Furthermore, dividing the ISCA framework into domains and sub-domains has the advantage of aligning improvement strategies with specific (sub-)domains needing improvement. Points of improvement can be addressed and targeted in a tailored way which prevents that, for instance, another safety training is raised as an improvement strategy, while the possibility for improvement actually lies somewhere else.
Notwithstanding the aforementioned strengths and advantages, the ISCA-approach has some limitations that should be considered. Firstly, the comprehensiveness of ISCA makes scientific validation difficult. Regarding the questionnaire part, factor analysis could not be performed for questions only applicable to the supervising, management, and safety positions due to the lower number of respondents belonging to these positions. This implies that not all sub-domains in the ISCA framework are validated by confirmatory factor analysis (see sub-domains without * in Figure 2). Further testing of the questionnaire is therefore recommended by administering the questionnaire in different organisations to achieve a sufficient number of supervisors, managers, and employees of the safety department to conduct factor analysis.
The ISCA model and approach are developed in such a way that they can be used in all types of organisations, regardless of the sector or company size. However, the model and approach can seem overwhelming, definitely for SMEs (small and medium-sized enterprises) where several parts of the model are not applicable, such as using the division in different positions or working with contractors.
Another shortcoming is that the organisations participating in the development of ISCA are organisations that have already reached a certain maturity regarding safety culture.
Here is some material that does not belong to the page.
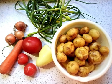 Всегда с нетерпением жду начала лета, чтобы запечь молодую картошку в кожуре. Никогда больше она не бывает такой вкусной! А чтобы блюдо получилось еще интереснее, запекла картошку с овощами в духовке.

In the development, organisations that are disadvantaged regarding safety culture are not included, as these organisations are difficult to reach and to motivate for participation. It is, therefore, difficult to estimate to which extent the approach is applicable to organisations where significant improvement regarding safety culture is still needed.
Finally, the cross-sectional design should be mentioned as a limitation. Further research with a longitudinal setup is needed in order to draw conclusions about the effect of the assessment on the improvement of the organisations’ safety culture over time.

Author Contributions

Conceptualization, K.v.N.; Data curation, K.v.N.; Formal analysis, K.v.N.; Investigation, K.v.N.; Methodology, K.v.N.; Supervision, G.R. and K.P.; Visualization, K.v.N.; Writing—original draft, K.v.N.; Writing—review and editing, G.R. and K.P. All authors have read and agreed to the published version of the manuscript.

Funding

This research has been funded by Research Chair Vandeputte.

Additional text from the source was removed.